[PATCH] cvsimport: introduce -L<imit> option to workaround memory leaks

git.vger.kernel.org archive mirror
 help / color / mirror / Atom feed

* [PATCH] cvsimport: introduce -L<imit> option to workaround memory leaks
@ 2006-05-22 11:38 Martin Langhoff
  2006-05-23  2:28 ` Linus Torvalds
  0 siblings, 1 reply; 10+ messages in thread
From: Martin Langhoff @ 2006-05-22 11:38 UTC (permalink / raw)
  To: git, junkio, Johannes.Schindelin, torvals, spyderous, smurf
  Cc: Martin Langhoff

Signed-off-by: Martin Langhoff <martin@catalyst.net.nz>

---
This is ugly, but while I work on cleaning up the leak
that seems to be somewhere in the commit() sub, we may
as well set up a workaround.

I am not 100% happy woth including this in git.git. 
In any case, I hope we can revert it soon.

---

 git-cvsimport.perl |    8 ++++++--
 1 files changed, 6 insertions(+), 2 deletions(-)

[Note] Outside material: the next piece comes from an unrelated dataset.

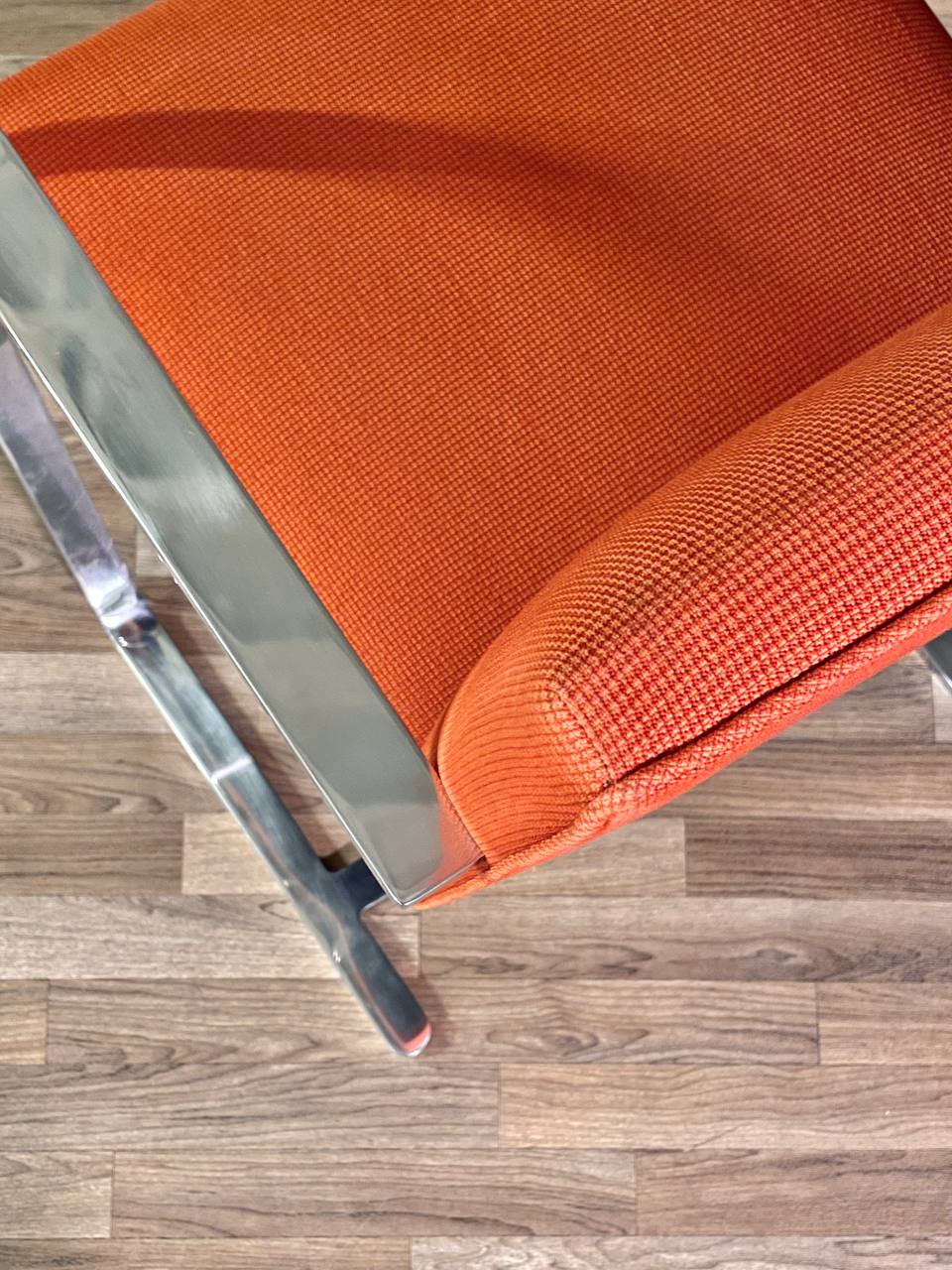 Description: This signed Mies van der Rohe “Brno” chair, produced by Knoll in the 2000s, embodies the timeless elegance of Bauhaus design. Its sleek cantilevered steel frame creates a striking silhouette, complemented by the vivid original orange fabric upholstery. Designed to balance simplicity with comfort, the chair’s flowing lines and minimalist structure highlight van der Rohe’s famous principle of “less is more.” Both sculptural and functional, it remains one of the most iconic designs in modern furniture history. Presented here in original vintage condition, it is a collector’s piece that captures the essence of mid-century modern sophistication.
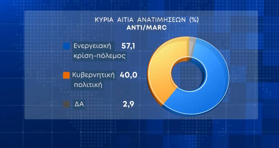 Η κύρια αιτία των ανατιμήσεων, όπως κρίνουν οι πολίτες, είναι η ενεργειακή κρίση και ο πόλεμος με ποσοστό 57,1%, ενώ ακολουθεί η κυβερνητική πολιτική με 40%.

64ea3c83d8cd176ee972055bd1d11f398655dad8
diff --git a/git-cvsimport.perl b/git-cvsimport.perl
index c0ae00b..c1923d1 100755
--- a/git-cvsimport.perl
+++ b/git-cvsimport.perl
@@ -29,7 +29,7 @@ use IPC::Open2;
 $SIG{'PIPE'}="IGNORE";
 $ENV{'TZ'}="UTC";
 
-our($opt_h,$opt_o,$opt_v,$opt_k,$opt_u,$opt_d,$opt_p,$opt_C,$opt_z,$opt_i,$opt_P, $opt_s,$opt_m,$opt_M,$opt_A,$opt_S);
+our($opt_h,$opt_o,$opt_v,$opt_k,$opt_u,$opt_d,$opt_p,$opt_C,$opt_z,$opt_i,$opt_P, $opt_s,$opt_m,$opt_M,$opt_A,$opt_S,$opt_L);
 my (%conv_author_name, %conv_author_email);
 
 sub usage() {
@@ -85,7 +85,7 @@ sub write_author_info($) {
 	close ($f);
 }
 
-getopts("hivmkuo:d:p:C:z:s:M:P:A:S:") or usage();
+getopts("hivmkuo:d:p:C:z:s:M:P:A:S:L:") or usage();
 usage if $opt_h;
 
 @ARGV <= 1 or usage();
@@ -716,6 +716,7 @@ my $commit = sub {
 	}
 };
 
+my $commitcount = 1;
 while(<CVS>) {
 	chomp;
 	if($state == 0 and /^-+$/) {
@@ -849,6 +850,9 @@ #	VERSION:1.96->1.96.2.1
 	} elsif($state == 9 and /^\s*$/) {
 		$state = 10;
 	} elsif(($state == 9 or $state == 10) and /^-+$/) {
+		if ($opt_L && $commitcount++ >= $opt_L) {
+			last;
+		}
 		&$commit();
 		$state = 1;
 	} elsif($state == 11 and /^-+$/) {
-- 
1.3.2.g82000

^ permalink raw reply related	[flat|nested] 10+ messages in thread

* Re: [PATCH] cvsimport: introduce -L<imit> option to workaround memory leaks
  2006-05-22 11:38 [PATCH] cvsimport: introduce -L<imit> option to workaround memory leaks Martin Langhoff
@ 2006-05-23  2:28 ` Linus Torvalds
  2006-05-23  3:15   ` Martin Langhoff (CatalystIT)
                     ` (2 more replies)
  0 siblings, 3 replies; 10+ messages in thread
From: Linus Torvalds @ 2006-05-23  2:28 UTC (permalink / raw)
  To: Martin Langhoff
  Cc: Git Mailing List, Junio C Hamano, Johannes.Schindelin, spyderous,
	smurf



This stupid patch on top of yours seems to make git happier. It's 
disgusting, I know, but it just repacks things every kilo-commit.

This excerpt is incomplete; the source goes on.